Today, immunoassays of all kinds dominate the in vitro diagnostic (IVD) market. In 2005, according to Kalorama Information (New York City), the global immunoassay market generated 5.8 billion US$ in total revenues. New growth in immunoassays is tied to the development of autoimmune, cardiac, and tumor markers that play a significant role in disease diagnosis and monitoring. By 2010, the immunoassay market is expected to reach 8.1 billion US$ with an annual growth rate of 7%.
In the following, reference will be made to the measure of proteins/carbohydrates in a biological liquid, typically serum or urine, in biochemical tests called immunoassays that use the reaction of the proteins/carbohydrates to one or more antibodies as a basis for the assay measurement.

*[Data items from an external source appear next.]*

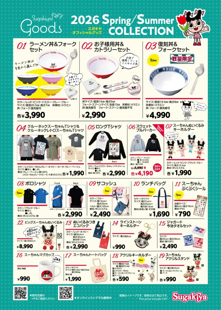 スガキヤでは、スガキヤグッズの新アイテムが2026年4月9日(木)より一部店舗で販売となります。なお、店舗での発売に合わせてオンラインストアでも発売を開始いたします。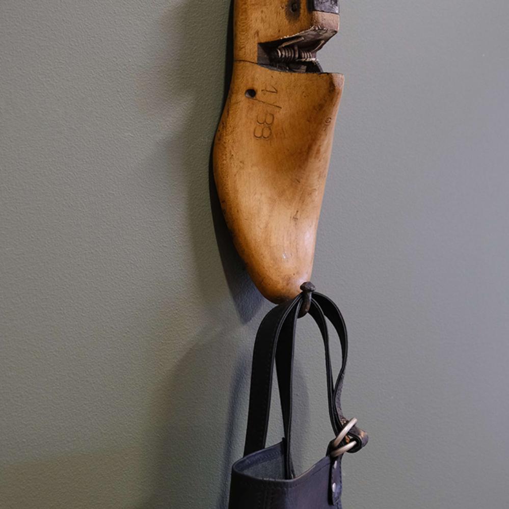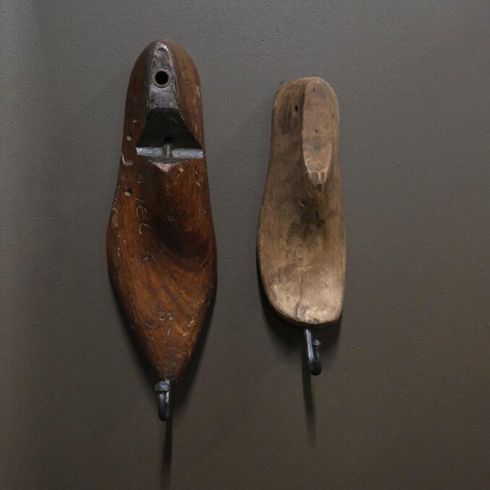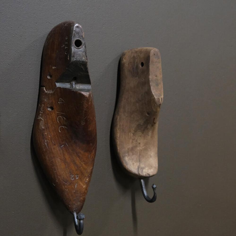 Original old wooden shoe form made into a wall hanger. The hook is suitable for hanging up scarves, jackets and accessories. These old shoe lforms were used in the past when manufactoring shoes. Nowadays, plastic forms are often used because, unlike wood, they are not affected by moisture and therefore retain their shape. The hook is the perfect choice if you are a fan of natural materials and want a natural, unique and rustic decor.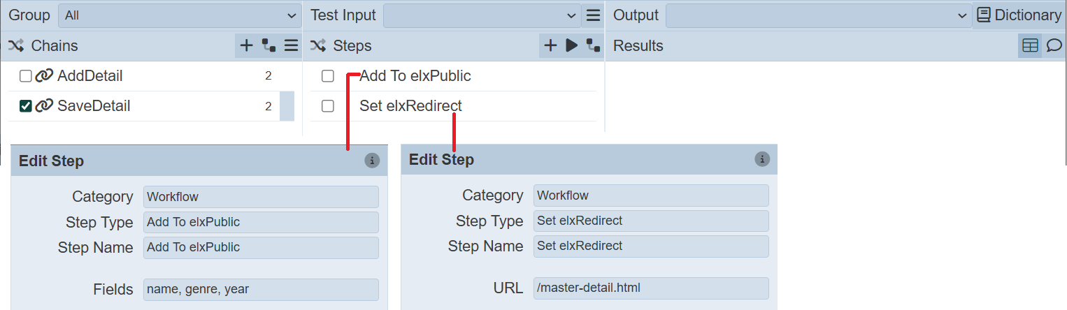 The Add To elxPublic ETL stores the entered data from the form and the Set elxRedirect ETL redirects to the top level master-detail.html link.

More particularly, in the following reference will be made to the measure of the concentration of the Thyroid Stimulating Hormone (TSH), but similar considerations and same methods and apparatuses apply to a variety of biological assays, e.g., for the measure of glycosylated hemoglobin and carbohydrate deficient transferrin (CDT) (the latter test being usable to discriminate between occasional and chronic drinking).
As known, the thyroid gland produces hormones that control the rate of metabolism and affect the development and operability of many other body functions. The two most common thyroid disorders are hyperthyroidism (overactive thyroid) and hypothyroidism (under active thyroid). Thyroid stimulating hormone (TSH) produced by the anterior pituitary gland regulates the production of two hormones (T3—triiodothyronine and T4—thyroxine) from the thyroid in a negative feedback mechanism. When levels of T3 and T4 are low, TSH is stimulated to produce more and more T3 and T4. Similarly, when levels are high, TSH production is decreased, which in turn decreases T4 and T3 levels.

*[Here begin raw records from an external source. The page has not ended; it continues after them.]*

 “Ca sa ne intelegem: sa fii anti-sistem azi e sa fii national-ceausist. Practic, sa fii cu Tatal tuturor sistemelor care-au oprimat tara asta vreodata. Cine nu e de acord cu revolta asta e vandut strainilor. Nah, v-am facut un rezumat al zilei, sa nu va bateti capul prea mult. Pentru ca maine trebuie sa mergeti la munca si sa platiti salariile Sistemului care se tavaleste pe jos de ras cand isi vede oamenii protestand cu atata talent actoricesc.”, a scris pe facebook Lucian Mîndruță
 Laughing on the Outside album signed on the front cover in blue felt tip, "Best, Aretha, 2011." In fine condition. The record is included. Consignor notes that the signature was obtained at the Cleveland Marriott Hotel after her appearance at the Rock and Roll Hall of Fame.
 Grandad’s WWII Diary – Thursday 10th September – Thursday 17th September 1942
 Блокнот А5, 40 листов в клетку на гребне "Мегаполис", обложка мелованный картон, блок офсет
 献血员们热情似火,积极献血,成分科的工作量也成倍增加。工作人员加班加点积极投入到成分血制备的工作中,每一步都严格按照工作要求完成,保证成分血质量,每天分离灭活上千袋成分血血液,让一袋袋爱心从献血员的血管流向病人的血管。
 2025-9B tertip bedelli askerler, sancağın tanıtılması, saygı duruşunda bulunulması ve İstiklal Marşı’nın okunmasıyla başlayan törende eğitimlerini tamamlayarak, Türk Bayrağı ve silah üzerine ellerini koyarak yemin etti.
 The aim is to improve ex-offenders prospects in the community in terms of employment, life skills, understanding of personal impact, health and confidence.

In the past, the measure of the concentration of TSH was made using a first generation radio-immunological assay that had quite low sensitivity and was not able to discriminate low values, still within in the normal range, from slightly lower ones, correlating with hyperthyroidism.
Around the mid-eighties, second generation immunologic techniques were developed that used two anti-TSH antibodies, and the dual antibody system had somewhat improved the sensitivity. Later, in the nineties, these techniques were again improved to arrive at third generation methods that have a much higher sensitivity and allow the measure of TSH also for patients having serologic atypias tied to different thyroid diseases. Third generation TSH tests are solid phase enzyme-linked immunosorbent assays, using a mouse monoclonal anti-TSH antibody for solid phase immobilization and goat anti-TSH antibody linked to usually horseradish peroxidase, thus allowing signal amplification.

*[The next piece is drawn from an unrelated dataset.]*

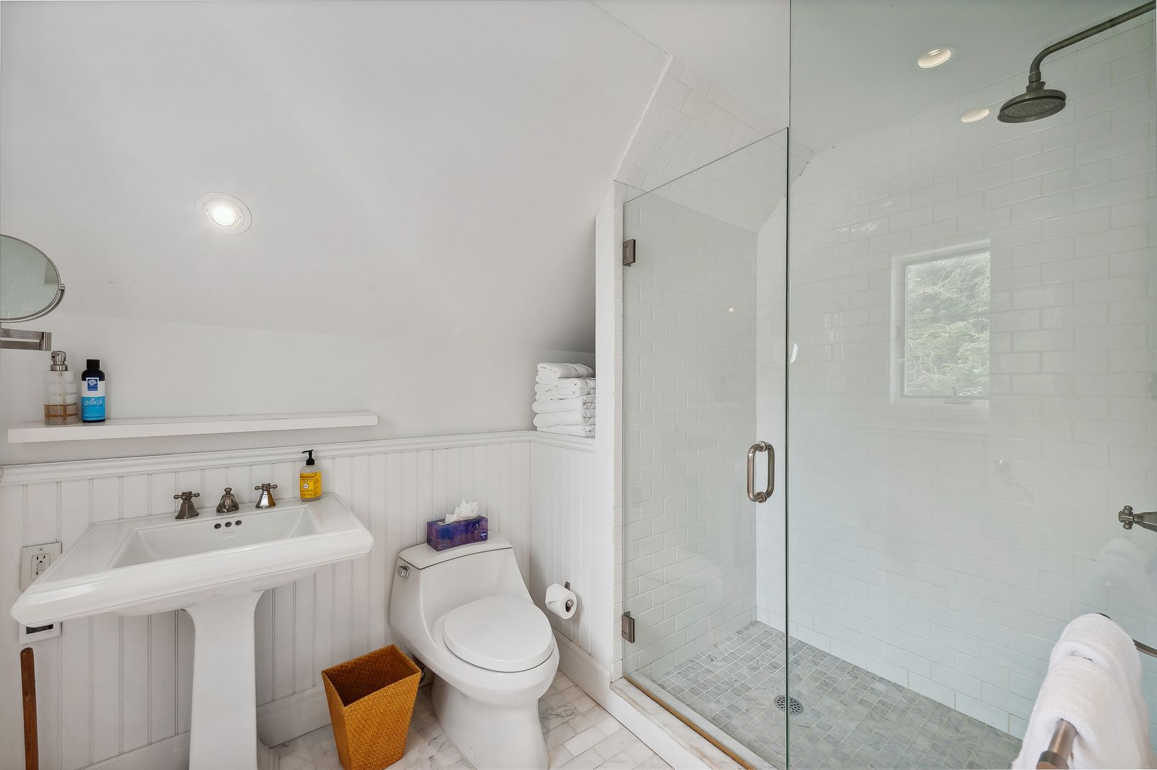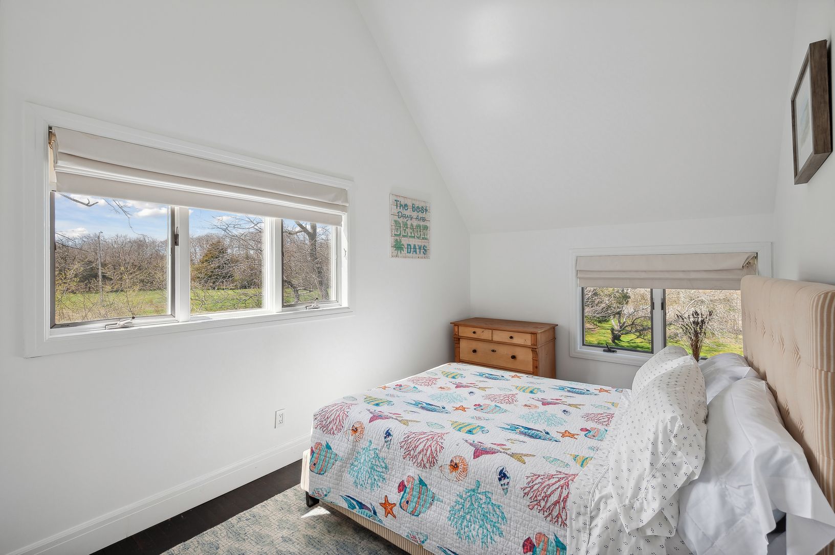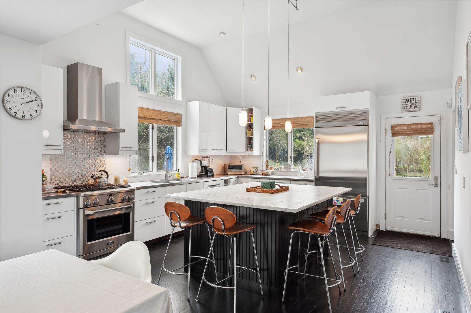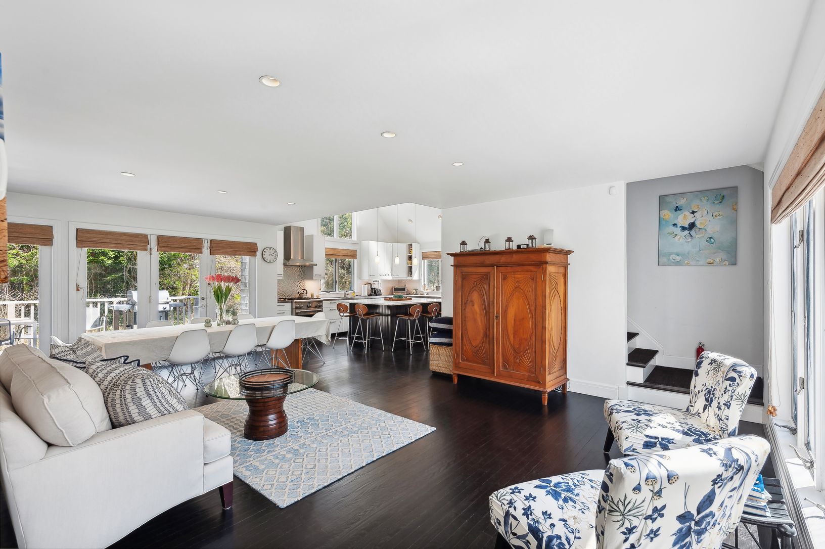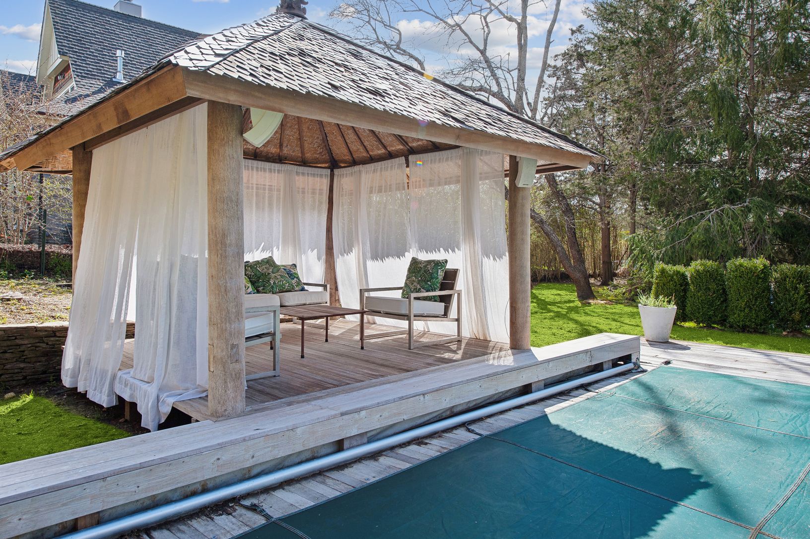Welcome to this Southampton Village Post Modern. This 5 bedroom and 3.5 bath includes a convenient main level primary and a marble tiled bathroom with radiant heated flooring. Open living room with a fireplace, open chefs kitchen with plenty of space for entertainment. 4 additional bedrooms. Finished lower level, 2 car garage. Relax by the heated salted water pool under the cabana. This beautiful property sits across the street from a spr

Third generation methods have a functional sensitivity (meaning therewith the lowest concentration allowing the dosage to maintain a dosage variation coefficient of about 20% or less) of about 0.01 to 0.02 μl U/mL and thus are able to provide quite precise results for hyperthyroid patients.
Traditional immunoassays, such as, e.g., ELISA (Enzyme-Linked ImmunoSorbent Assay) are based on the use of primary antibodies, together with enzymatic second antibodies and associated substrates to generate a final signal that may be compared with known thresholds.
These known solutions are fully manual, in that they require manual insertion of the samples, antibodies, and washing liquids and require an optical reader; in addition they require skilled personnel to perform the various binding and washing steps, so that they only allow clinical testing in central laboratories. In addition, they are complex, involve time-consuming procedures, and use potentially hazard and expensive materials.